Finding an ideal partition over the universe of images is mathematically not well-defined, because the NearDup relation isn’t transitive and therefore not an equivalence relation. To illustrate this point, imagine slowly morphing an image of a cat into an image of a dog over 1,000 iterations. It’s expected that each iteration would fall well within the NearDup threshold, yet it’s not clear how to partition the sequence: is there a cluster of cats, a cluster of dogs or perhaps a cluster of cat-dogs? We use a combination of transitive closure on selected candidates and a greedy k-cut to find an approximation to the partition that minimizes the k-cut over the graph. In the graph, edges represent image similarity, and nodes are the images.

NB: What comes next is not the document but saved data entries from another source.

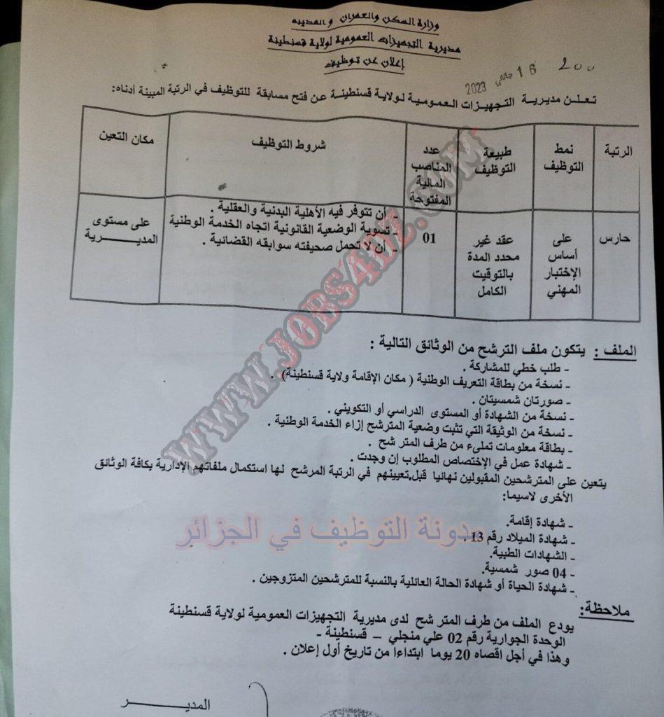تعلن مديرية التجهيزات العمومية لولاية قسنطينة عن فتح مسابقة توظيف على اساس الاختبار المهني في الرتب المبينة ادناه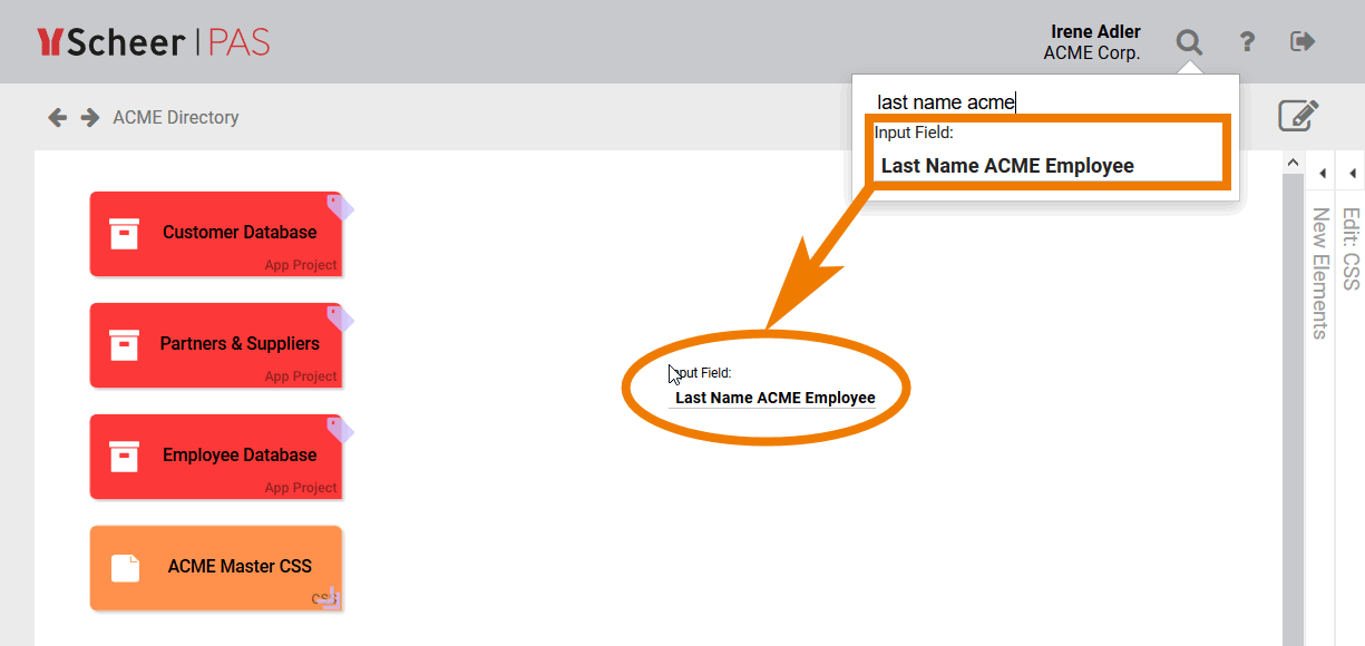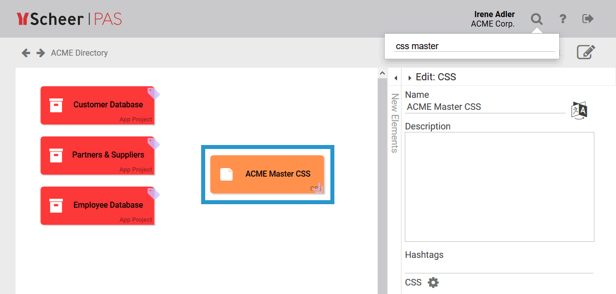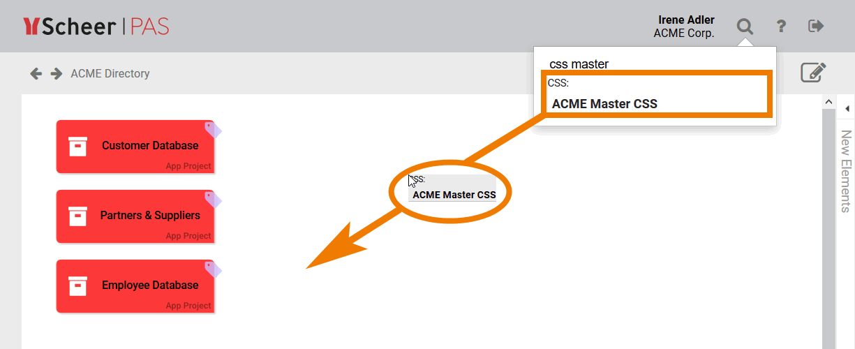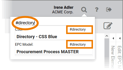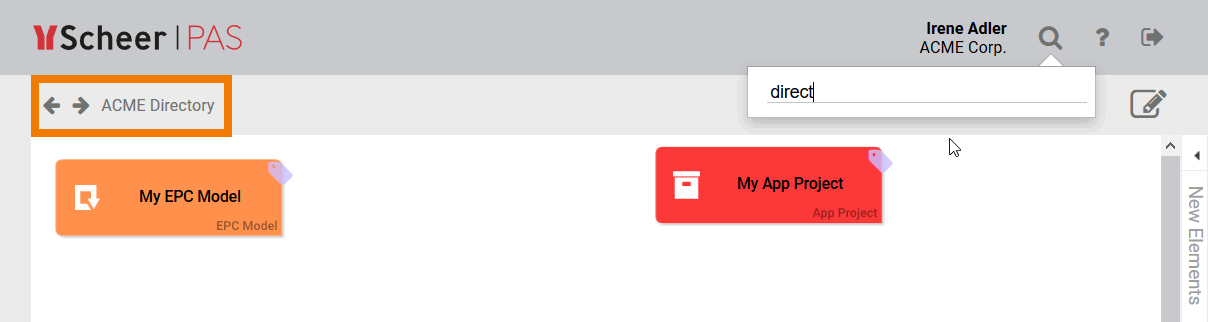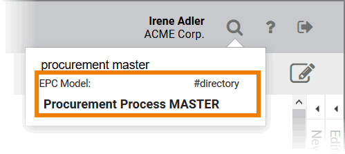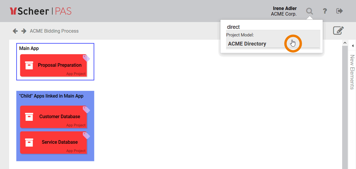 Irene Adler is currently working in the project ACME Bidding Process. In the global search she enters the search criteria direct. The Project Model ACME Directory appears in the hit list and Irene clicks on it: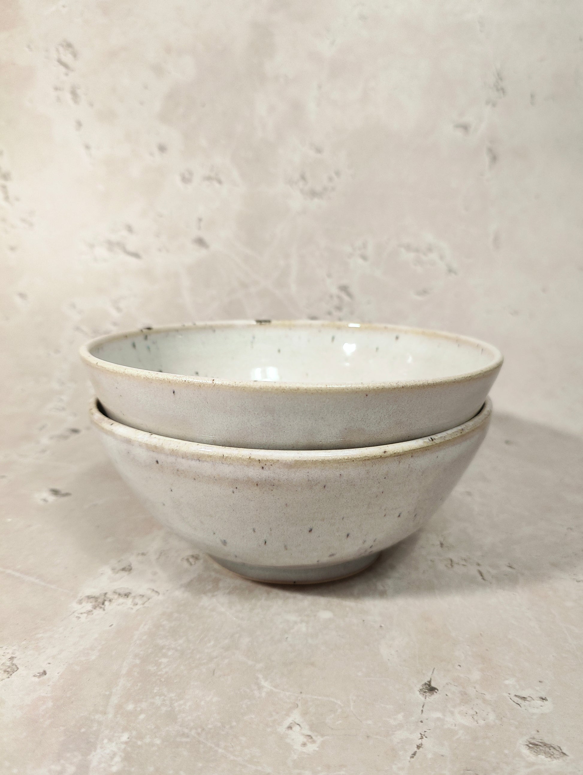 Thrown on the wheel and decorated with a splatter of iron oxide.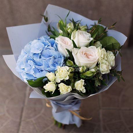 Гортензия Роза белая Роза кустовая Альстромерия Эвкалипт Фоамиран Лента атлас
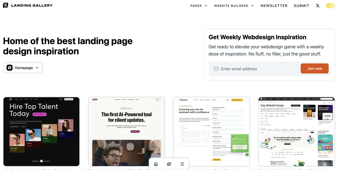 [Landing Gallery](http://landing.gallery) 專注于提供各個領域的著陸頁設計靈感。無論你需要設計什么類型的頁面,從主頁、定價頁面到聯(lián)系頁面,甚至是404錯誤頁面,這里都能找到優(yōu)質(zhì)的參考案例。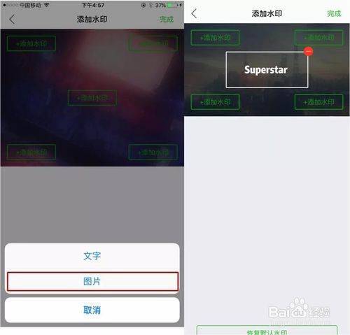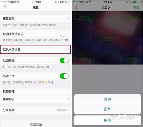 图片传到手机后如果水印文字是黑色或者白色,由于背景是透明,可能在相册里看不到!因为跟背景色重色了,不要管它,这里推荐一个实用工具:下载微商水印相机app,使用上传水印图标功能,在相册里找到你的水印,上传上去就可以加水印了。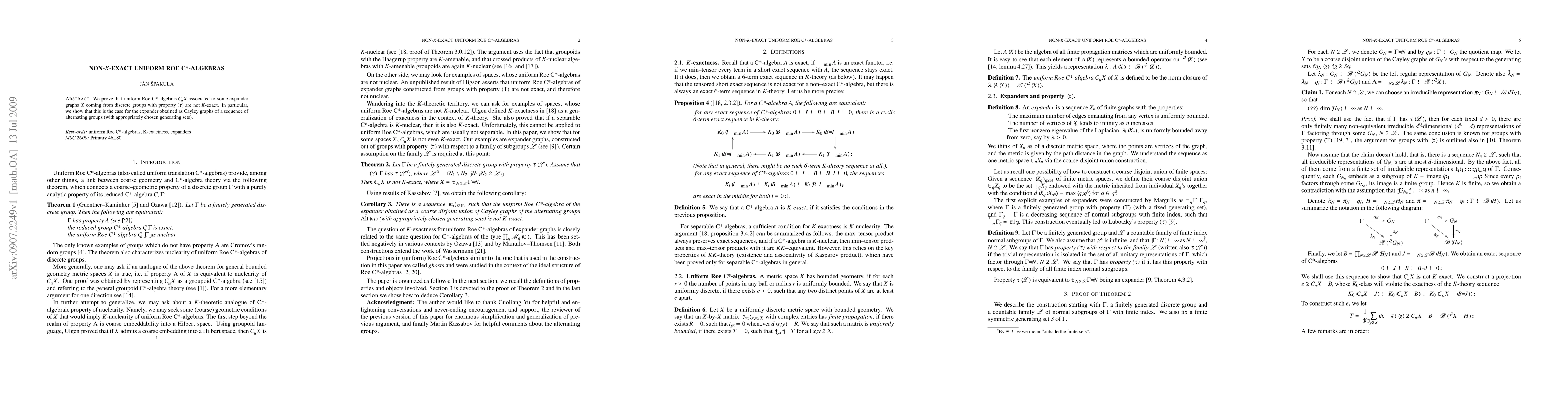 Summary: The study demonstrates that certain uniform Roe C*-algebras derived from expander graphs of discrete groups with property (\tau), specifically those from alternating groups, fail to be K-exact. This finding highlights a significant distinction in the algebraic structure of these C*-algebras.

Candidate generation using batch LSH

Embeddings and LSH terms

In order to understand the content of an image, we map an image into an embedded vector space. Visual embeddings are high-dimensional vector representations of images which capture visual and semantic similarity. They’re typically produced via neural network architectures like VGG16 and Inception. To cluster images via the NearDup relation, each day we compare tens of millions of new images to billions of existing clusters. Approaching such a nearest neighbor search without an optimization would yield quadratic time complexity and a runtime proportional to more than 10 quadrillion (that’s 16 zeros!) image comparisons. Instead, we use a reduction of an embedded representation of images into LSH terms to drastically improve the tractability of such a problem.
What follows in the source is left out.